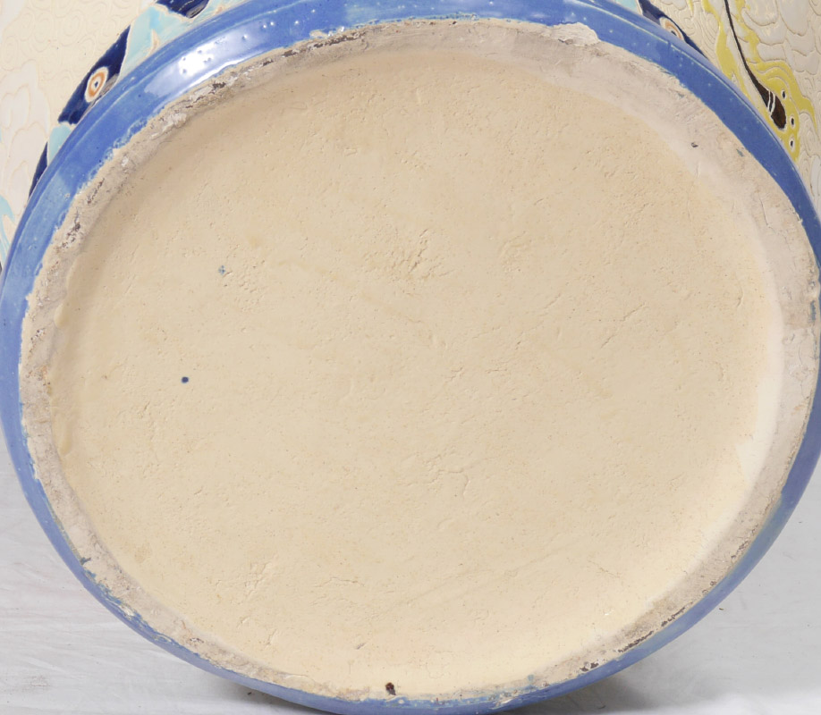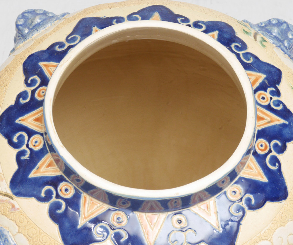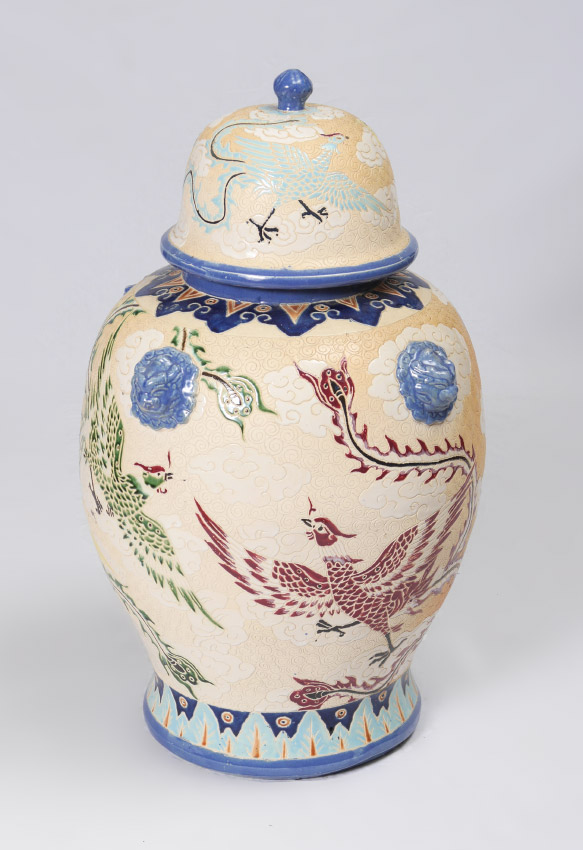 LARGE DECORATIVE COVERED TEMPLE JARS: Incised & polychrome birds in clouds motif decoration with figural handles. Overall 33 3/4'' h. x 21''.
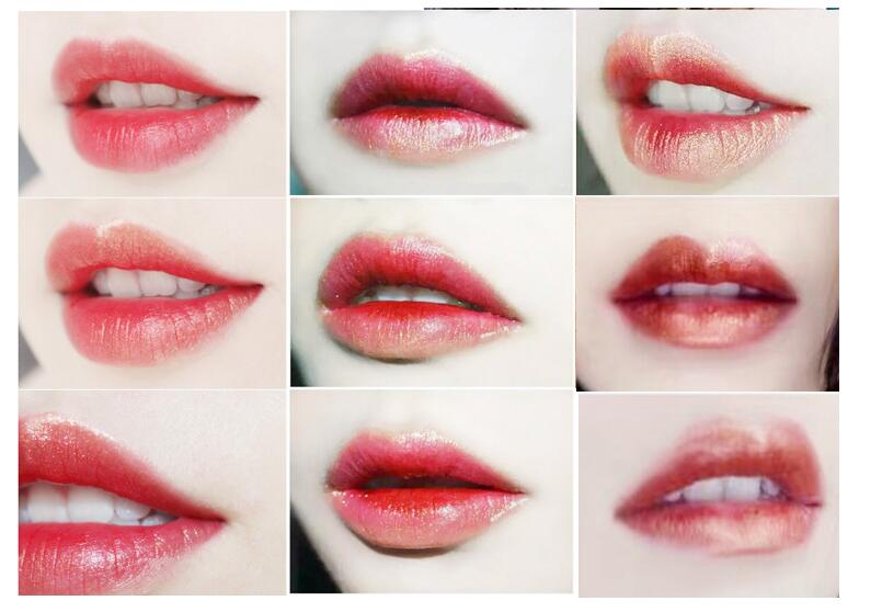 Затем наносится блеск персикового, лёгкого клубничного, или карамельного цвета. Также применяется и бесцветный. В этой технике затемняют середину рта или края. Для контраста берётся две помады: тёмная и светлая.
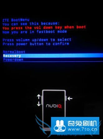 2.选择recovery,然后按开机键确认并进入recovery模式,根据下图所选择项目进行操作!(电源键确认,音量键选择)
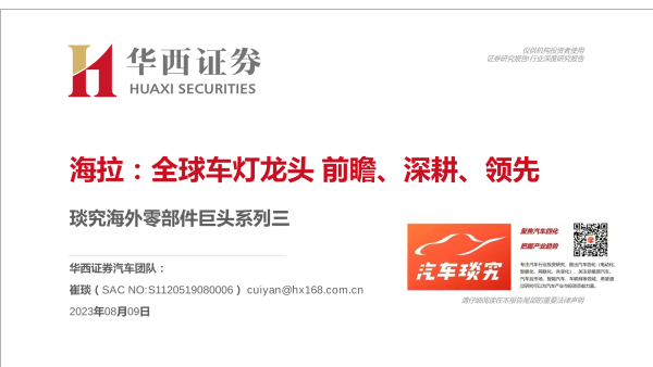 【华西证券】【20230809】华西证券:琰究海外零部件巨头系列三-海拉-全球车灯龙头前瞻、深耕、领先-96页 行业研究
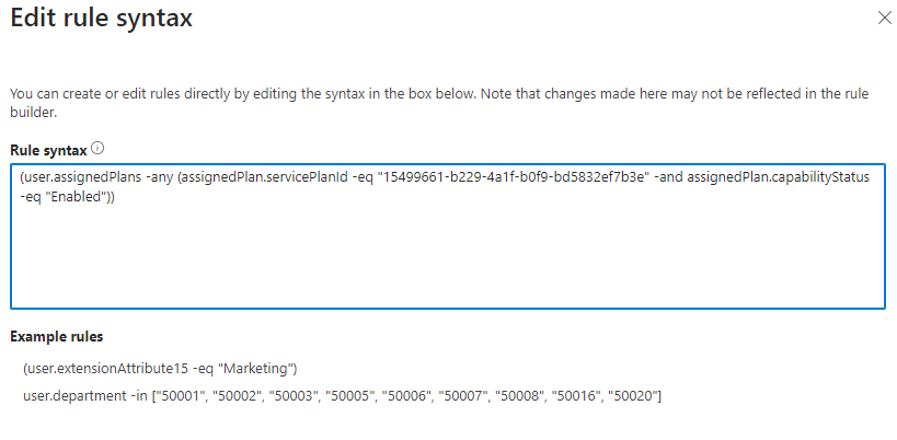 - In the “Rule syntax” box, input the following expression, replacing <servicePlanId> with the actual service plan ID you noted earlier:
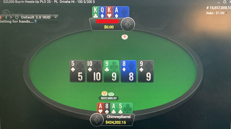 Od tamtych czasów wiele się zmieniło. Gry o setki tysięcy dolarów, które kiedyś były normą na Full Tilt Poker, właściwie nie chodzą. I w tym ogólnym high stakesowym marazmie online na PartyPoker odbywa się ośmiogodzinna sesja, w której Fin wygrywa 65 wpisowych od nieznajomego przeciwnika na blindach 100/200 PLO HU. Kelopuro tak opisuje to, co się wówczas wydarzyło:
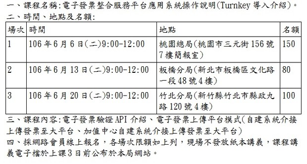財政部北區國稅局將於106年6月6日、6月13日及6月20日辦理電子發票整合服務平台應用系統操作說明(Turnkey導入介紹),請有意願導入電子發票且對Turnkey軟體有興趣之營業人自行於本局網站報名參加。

**EXERCISE PROMPT**.
The expected output is the full material above, word for word, without pictures.

**RESULT OF THE EXERCISE**.
 LARGE DECORATIVE COVERED TEMPLE JARS: Incised & polychrome birds in clouds motif decoration with figural handles. Overall 33 3/4'' h. x 21''.
 Затем наносится блеск персикового, лёгкого клубничного, или карамельного цвета. Также применяется и бесцветный. В этой технике затемняют середину рта или края. Для контраста берётся две помады: тёмная и светлая.
 2.选择recovery,然后按开机键确认并进入recovery模式,根据下图所选择项目进行操作!(电源键确认,音量键选择)
 【华西证券】【20230809】华西证券:琰究海外零部件巨头系列三-海拉-全球车灯龙头前瞻、深耕、领先-96页 行业研究
 - In the “Rule syntax” box, input the following expression, replacing <servicePlanId> with the actual service plan ID you noted earlier:
 Od tamtych czasów wiele się zmieniło. Gry o setki tysięcy dolarów, które kiedyś były normą na Full Tilt Poker, właściwie nie chodzą. I w tym ogólnym high stakesowym marazmie online na PartyPoker odbywa się ośmiogodzinna sesja, w której Fin wygrywa 65 wpisowych od nieznajomego przeciwnika na blindach 100/200 PLO HU. Kelopuro tak opisuje to, co się wówczas wydarzyło:
財政部北區國稅局將於106年6月6日、6月13日及6月20日辦理電子發票整合服務平台應用系統操作說明(Turnkey導入介紹),請有意願導入電子發票且對Turnkey軟體有興趣之營業人自行於本局網站報名參加。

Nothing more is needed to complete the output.